Toronto-based CIFAR—formerly the Canadian Institute for Advanced Research— supports networks of researchers working to understand the nature of consciousness, explore beneath the planet’s crust and develop new quantum materials. It’s also responsible for much of the federal government’s $568.8-million Pan-Canadian AI Strategy, working with three hubs—Montreal’s Mila, Toronto’s Vector Institute and Edmonton’s Amii—to recruit prominent scientists to universities around the country, and to help find practical and industrial applications for their ideas.

Talking Points

  • New CEO Stephen Toope wants CIFAR to play a bigger role in commercializing the ideas its researchers produce, and work more with peers in the Global South
  • The former Cambridge University vice-chancellor says the organization’s melding of social and natural sciences can help address major challenges in health and technology

Toope is only CIFAR’s fifth leader since the publicly funded charity was established in 1981, and takes over as it begins work on a new plan for its future. He returns to Toronto after a five-year spell as vice-chancellor of the University of Cambridge. At the U.K. institution, Toope launched new scholarships and supports for students, and expanded research programs. But sections of the British press have also criticized him over the way the university handled campus culture-war flare-ups, and for Cambridge accepting funding from the Chinese government and linked companies. 

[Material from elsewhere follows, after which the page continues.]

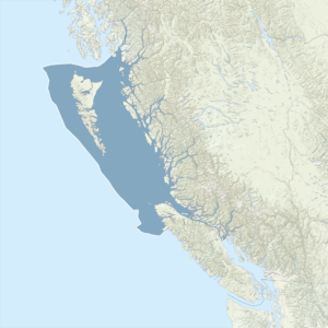 The Great Bear Sea, highlighted in blue, spans most of Northern BC’s coastline up to Alaska.
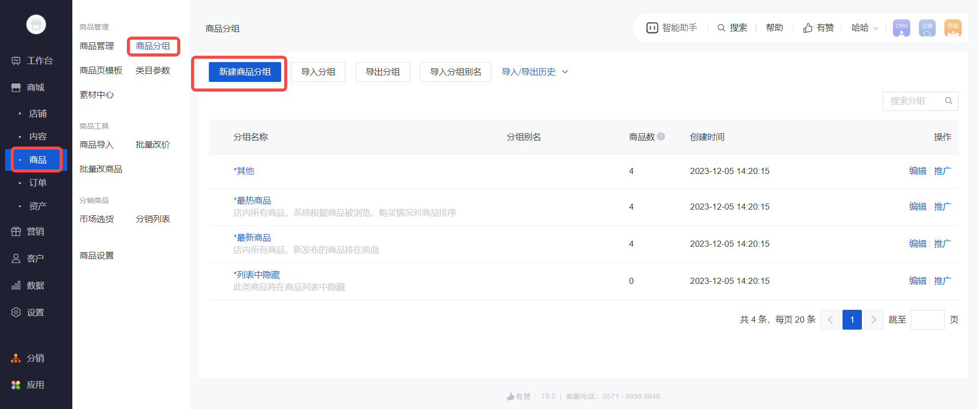 操作路径:商城电脑端后台-商品-商品分组-新建商品分组,进行新建\编辑。

In his first interview since starting his new job last month, Toope spoke with The Logic about his plans to expand CIFAR’s role in commercializing new discoveries, the big debates engulfing research and technology, and the importance of understanding fungi.

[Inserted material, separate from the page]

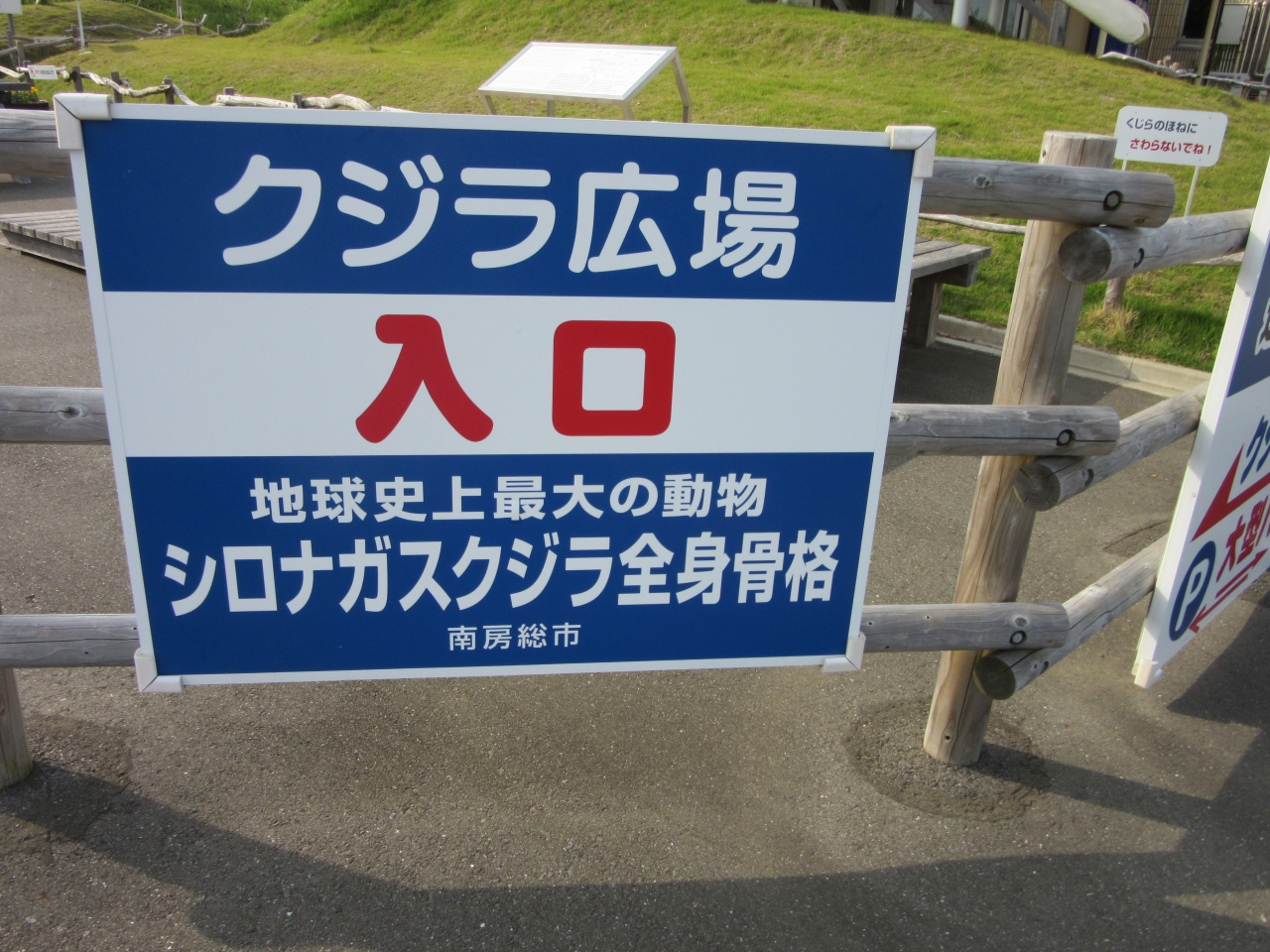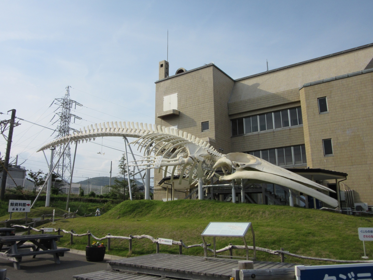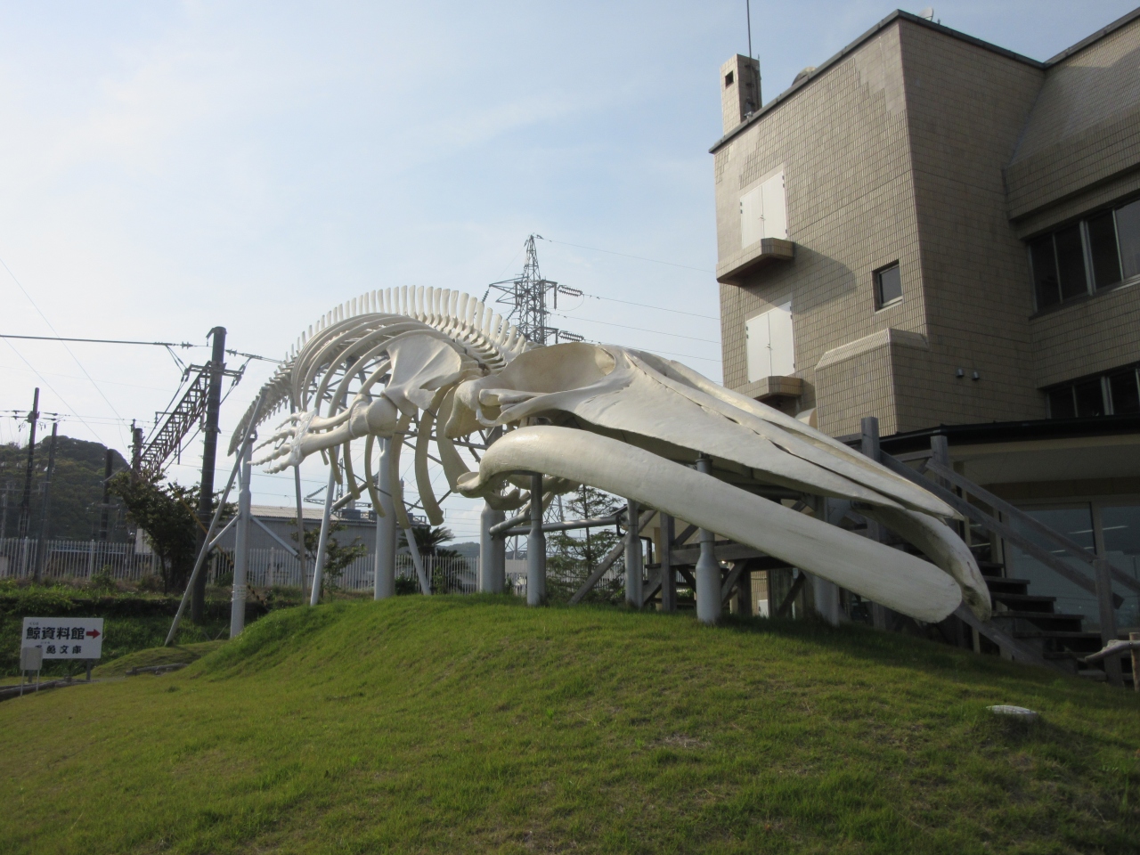 道の駅の西側にクジラ広場があり、シロナガスクジラの全身骨格が復元されていました

This interview has been edited and condensed for length and clarity.

You’ve spent the last few decades of your career running massive academic institutions.

Why take a job running a Canadian research organization?

Post-COVID, I had a really strong sense that I wanted to be back in Canada, [which] is in a relatively healthy place from a political and social standpoint. All is not perfect by any means, but when you compare it to so many other parts of the world, the mood is more optimistic. I also happen to have all my family here.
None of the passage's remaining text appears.